Stored items from a collection
-*-*-

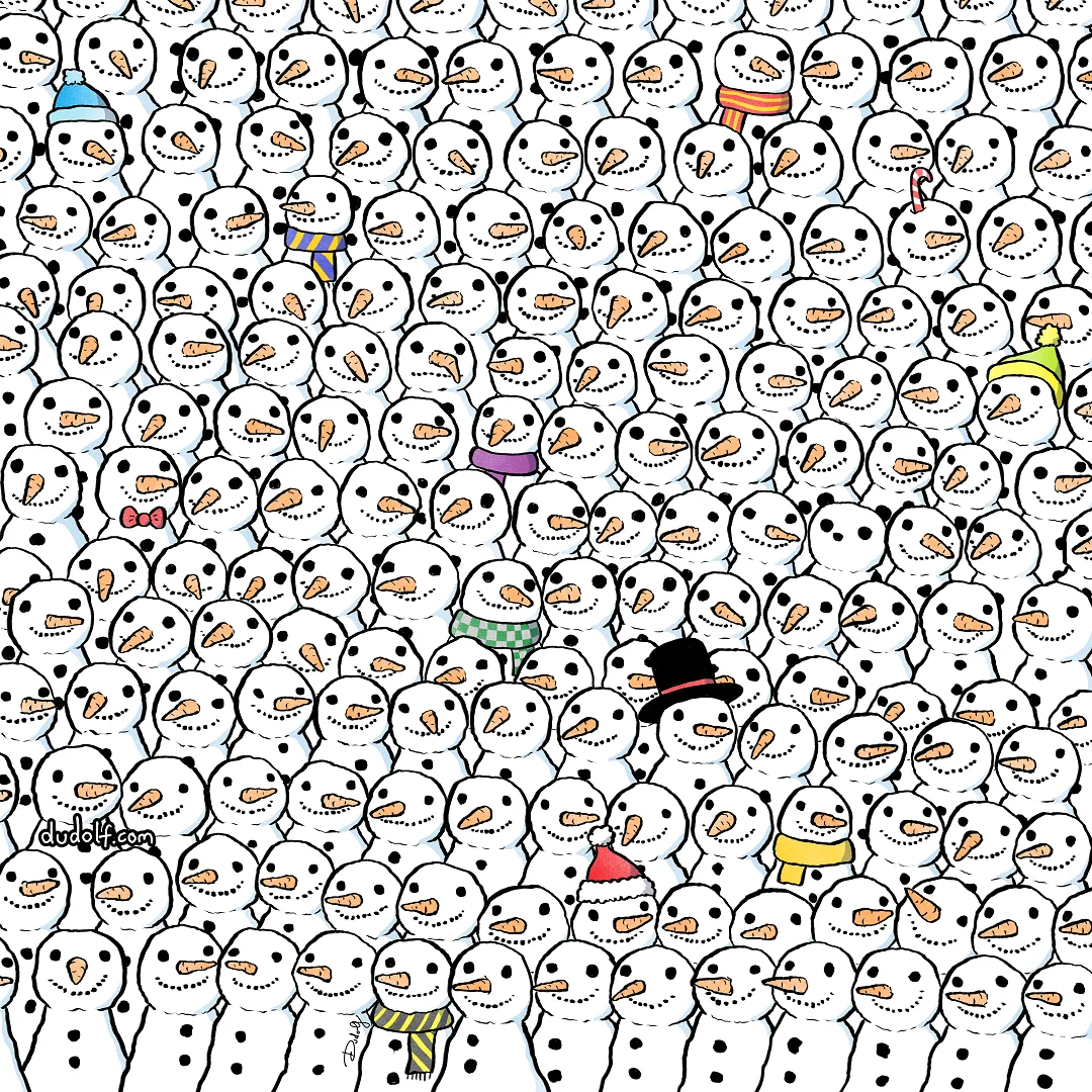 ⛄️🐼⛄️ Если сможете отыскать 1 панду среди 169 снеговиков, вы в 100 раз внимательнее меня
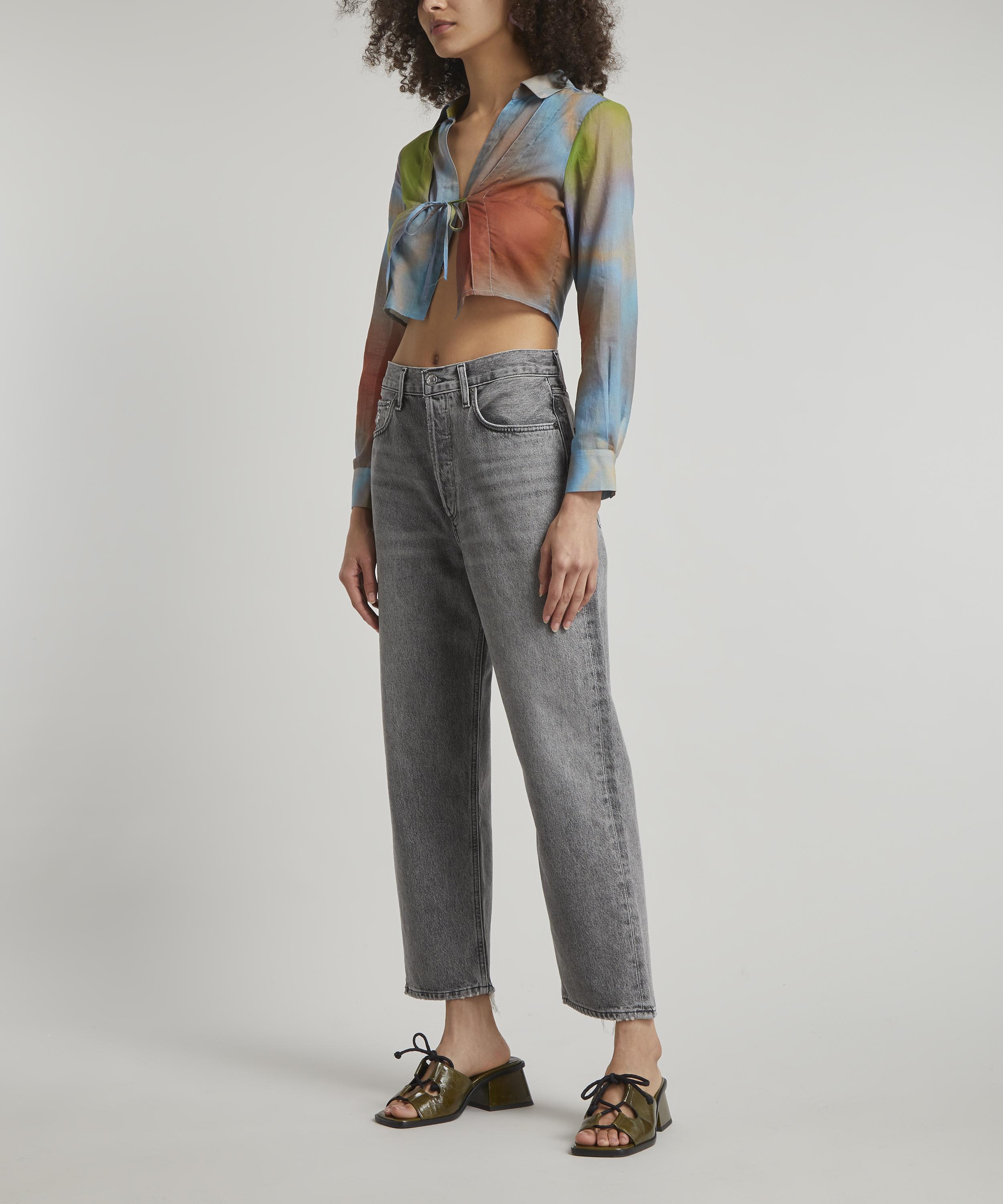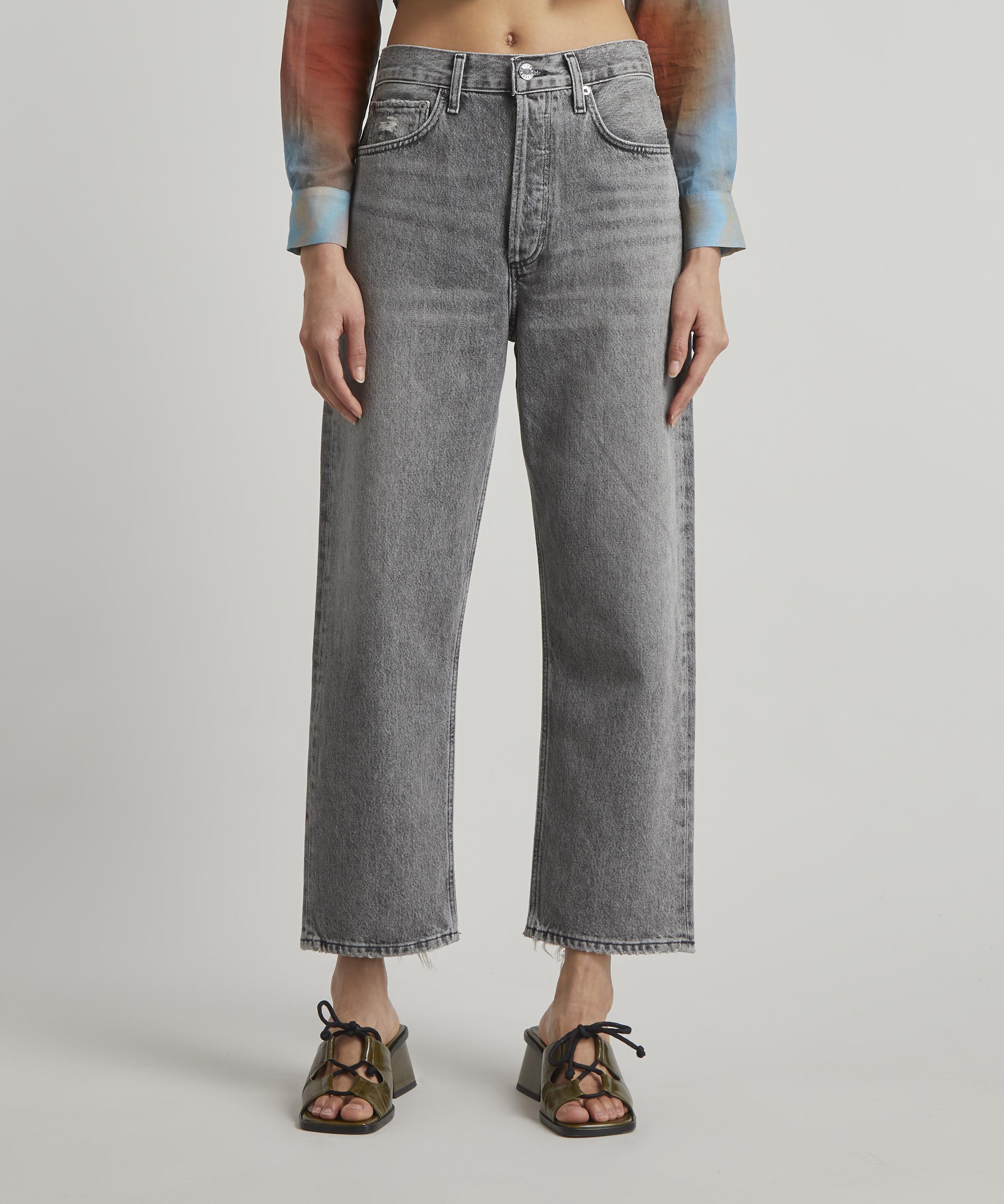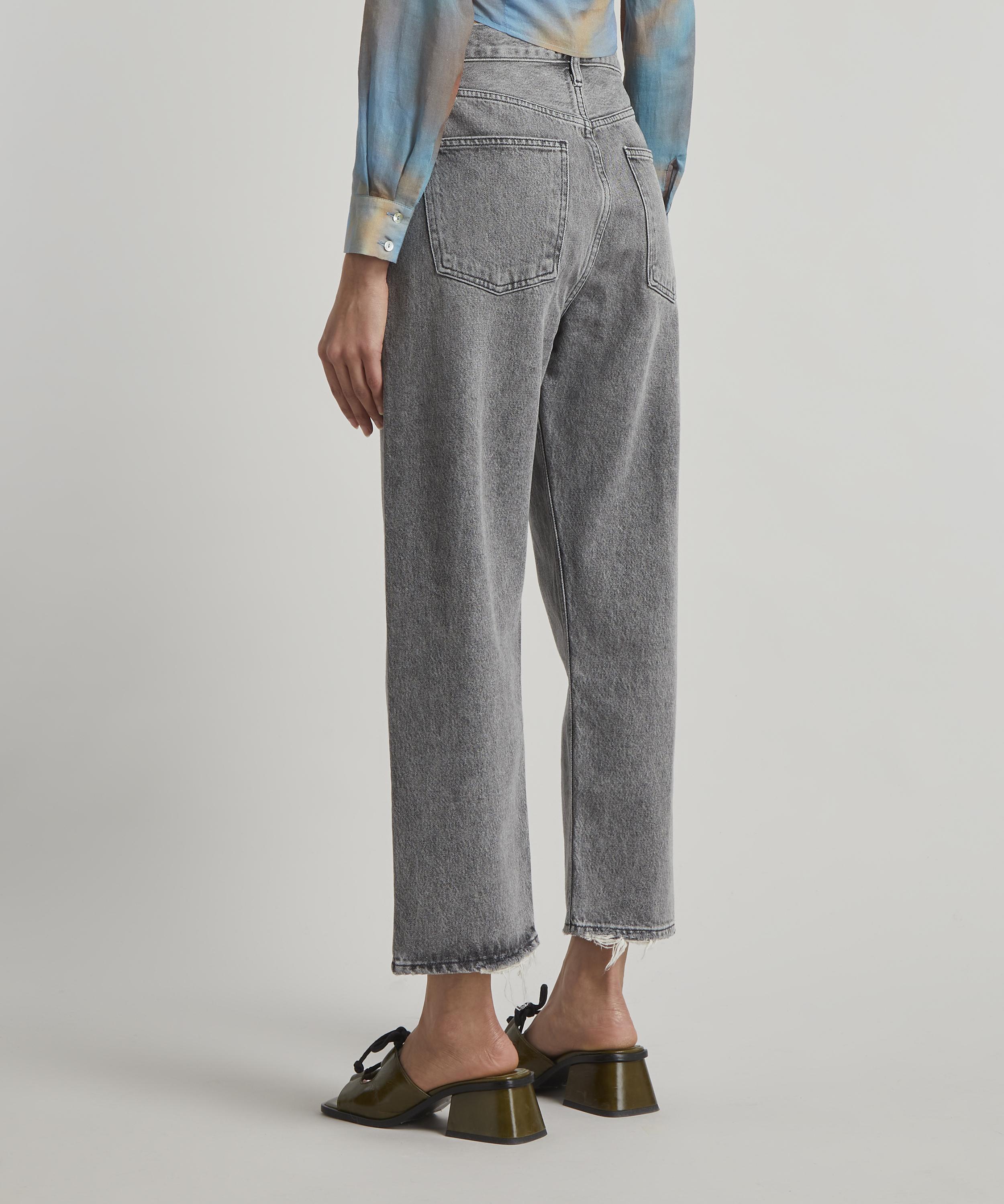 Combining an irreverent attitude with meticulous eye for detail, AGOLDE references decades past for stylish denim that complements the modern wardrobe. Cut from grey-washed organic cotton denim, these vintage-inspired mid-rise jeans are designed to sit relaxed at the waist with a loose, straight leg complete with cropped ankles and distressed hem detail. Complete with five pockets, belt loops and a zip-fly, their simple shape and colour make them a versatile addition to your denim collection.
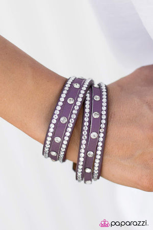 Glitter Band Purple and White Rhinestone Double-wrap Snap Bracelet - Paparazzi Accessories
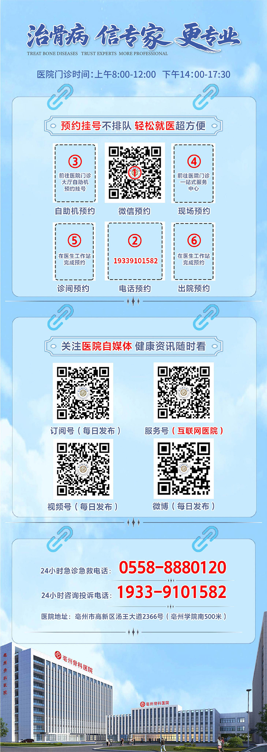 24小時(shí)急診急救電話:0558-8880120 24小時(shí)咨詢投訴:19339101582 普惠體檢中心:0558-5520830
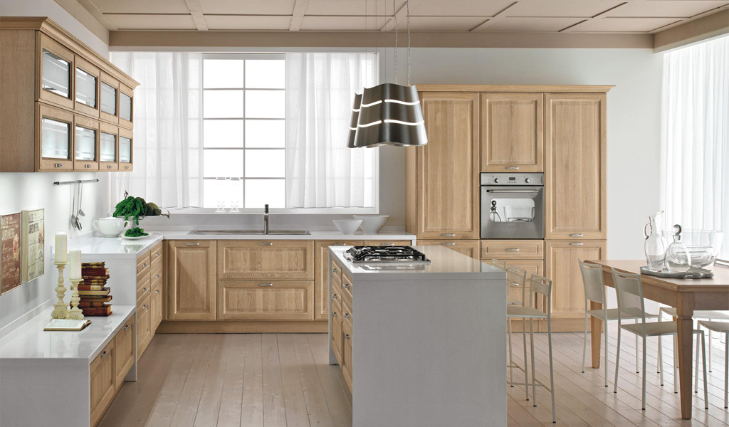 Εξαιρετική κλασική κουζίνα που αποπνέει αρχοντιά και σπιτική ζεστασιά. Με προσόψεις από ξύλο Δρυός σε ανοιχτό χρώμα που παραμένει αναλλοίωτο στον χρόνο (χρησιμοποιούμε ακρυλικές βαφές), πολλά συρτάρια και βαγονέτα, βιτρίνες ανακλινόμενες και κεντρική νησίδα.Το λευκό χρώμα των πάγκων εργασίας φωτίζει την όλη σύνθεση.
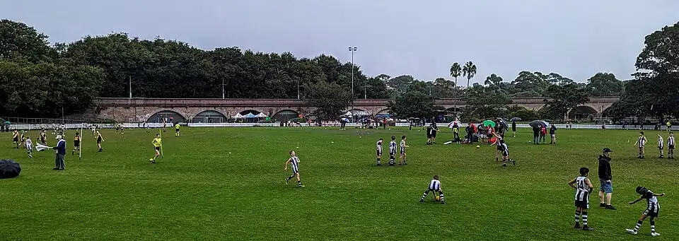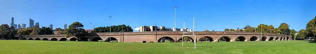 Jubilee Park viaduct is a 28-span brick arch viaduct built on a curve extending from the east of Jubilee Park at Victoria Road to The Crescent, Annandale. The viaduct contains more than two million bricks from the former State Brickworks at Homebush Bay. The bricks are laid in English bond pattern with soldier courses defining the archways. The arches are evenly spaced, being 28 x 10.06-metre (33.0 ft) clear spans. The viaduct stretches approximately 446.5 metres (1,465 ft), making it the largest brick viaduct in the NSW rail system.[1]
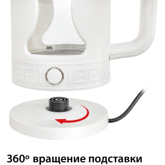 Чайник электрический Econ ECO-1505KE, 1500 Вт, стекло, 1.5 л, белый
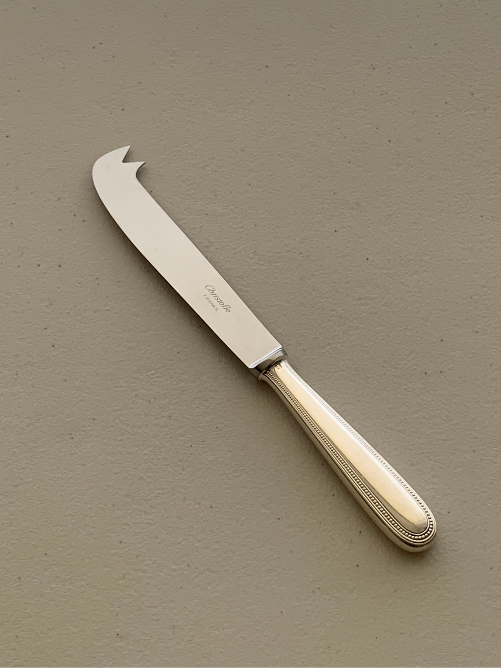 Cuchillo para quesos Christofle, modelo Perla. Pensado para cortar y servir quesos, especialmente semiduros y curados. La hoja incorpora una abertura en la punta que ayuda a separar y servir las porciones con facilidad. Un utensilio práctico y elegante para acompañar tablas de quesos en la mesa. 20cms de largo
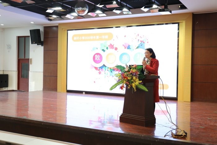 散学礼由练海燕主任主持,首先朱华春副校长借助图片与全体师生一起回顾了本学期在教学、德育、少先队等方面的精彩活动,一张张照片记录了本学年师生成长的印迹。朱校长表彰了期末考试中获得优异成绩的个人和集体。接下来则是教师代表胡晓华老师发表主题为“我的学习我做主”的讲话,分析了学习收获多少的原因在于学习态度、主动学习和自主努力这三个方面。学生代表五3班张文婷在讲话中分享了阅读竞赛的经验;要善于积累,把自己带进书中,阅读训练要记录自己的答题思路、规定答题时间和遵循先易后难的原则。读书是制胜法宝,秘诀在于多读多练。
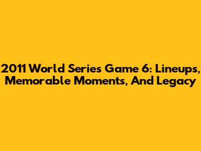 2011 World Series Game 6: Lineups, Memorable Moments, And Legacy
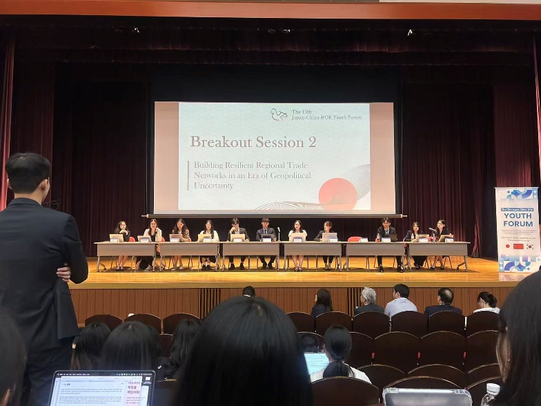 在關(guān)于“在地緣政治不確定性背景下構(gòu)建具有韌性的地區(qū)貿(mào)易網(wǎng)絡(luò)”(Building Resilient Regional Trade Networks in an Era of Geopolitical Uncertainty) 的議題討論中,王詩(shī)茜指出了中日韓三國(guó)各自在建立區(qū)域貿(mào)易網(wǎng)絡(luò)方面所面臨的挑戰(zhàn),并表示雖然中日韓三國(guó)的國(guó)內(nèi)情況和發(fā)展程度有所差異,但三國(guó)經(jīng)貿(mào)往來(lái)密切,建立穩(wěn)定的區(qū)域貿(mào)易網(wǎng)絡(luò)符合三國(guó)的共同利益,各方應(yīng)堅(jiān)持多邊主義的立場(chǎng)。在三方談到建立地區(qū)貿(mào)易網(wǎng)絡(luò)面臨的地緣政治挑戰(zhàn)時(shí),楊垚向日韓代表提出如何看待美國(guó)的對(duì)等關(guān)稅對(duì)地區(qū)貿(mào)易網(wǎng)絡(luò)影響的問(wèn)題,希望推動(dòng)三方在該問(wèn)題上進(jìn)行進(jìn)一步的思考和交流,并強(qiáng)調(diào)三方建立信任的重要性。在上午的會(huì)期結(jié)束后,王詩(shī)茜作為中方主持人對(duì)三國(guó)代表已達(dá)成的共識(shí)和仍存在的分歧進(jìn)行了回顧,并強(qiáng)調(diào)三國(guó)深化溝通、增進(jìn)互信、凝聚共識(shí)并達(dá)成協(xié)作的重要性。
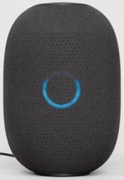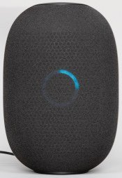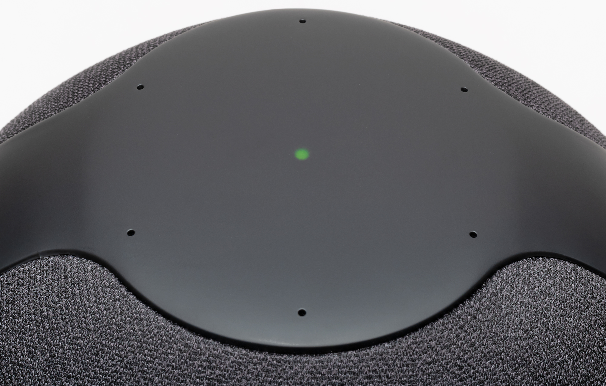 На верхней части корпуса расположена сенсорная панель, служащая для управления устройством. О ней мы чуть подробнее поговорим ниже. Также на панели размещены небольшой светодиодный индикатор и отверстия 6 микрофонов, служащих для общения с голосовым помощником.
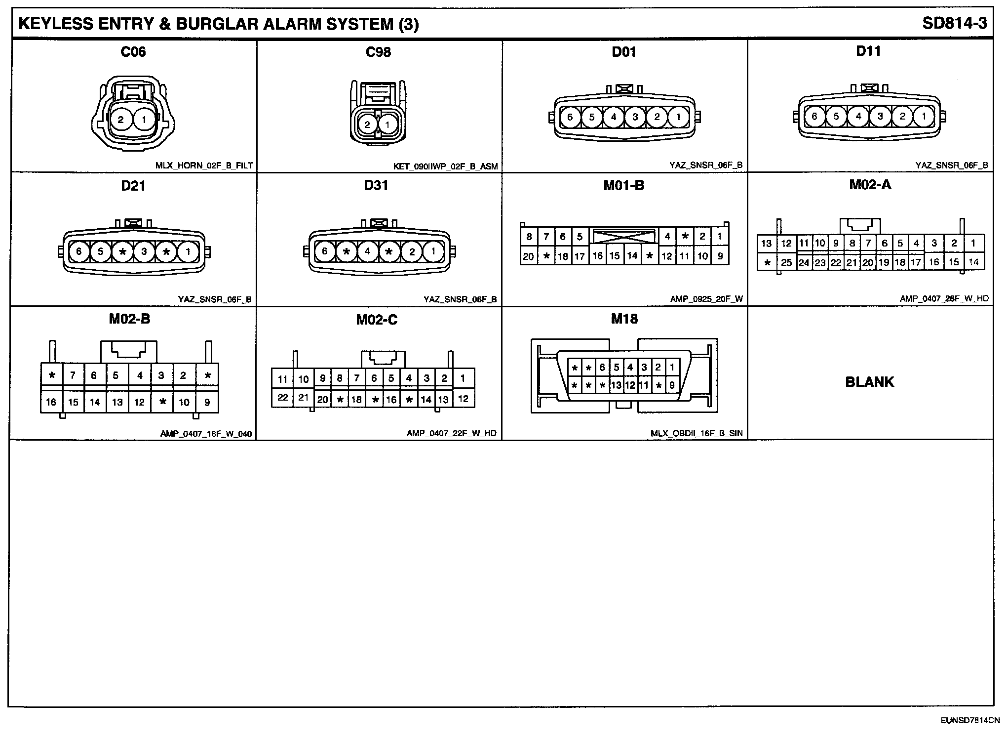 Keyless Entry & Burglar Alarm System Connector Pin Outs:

-*-*-

Exercise objective
Using the records above, repeat exactly the run of lines that starts with the line with "Εξαιρετική κλασική κουζίνα" and goes on through the line with "Cuchillo para quesos"; omit each picture.

Answer below
 Εξαιρετική κλασική κουζίνα που αποπνέει αρχοντιά και σπιτική ζεστασιά. Με προσόψεις από ξύλο Δρυός σε ανοιχτό χρώμα που παραμένει αναλλοίωτο στον χρόνο (χρησιμοποιούμε ακρυλικές βαφές), πολλά συρτάρια και βαγονέτα, βιτρίνες ανακλινόμενες και κεντρική νησίδα.Το λευκό χρώμα των πάγκων εργασίας φωτίζει την όλη σύνθεση.
 Jubilee Park viaduct is a 28-span brick arch viaduct built on a curve extending from the east of Jubilee Park at Victoria Road to The Crescent, Annandale. The viaduct contains more than two million bricks from the former State Brickworks at Homebush Bay. The bricks are laid in English bond pattern with soldier courses defining the archways. The arches are evenly spaced, being 28 x 10.06-metre (33.0 ft) clear spans. The viaduct stretches approximately 446.5 metres (1,465 ft), making it the largest brick viaduct in the NSW rail system.[1]
 Чайник электрический Econ ECO-1505KE, 1500 Вт, стекло, 1.5 л, белый
 Cuchillo para quesos Christofle, modelo Perla. Pensado para cortar y servir quesos, especialmente semiduros y curados. La hoja incorpora una abertura en la punta que ayuda a separar y servir las porciones con facilidad. Un utensilio práctico y elegante para acompañar tablas de quesos en la mesa. 20cms de largo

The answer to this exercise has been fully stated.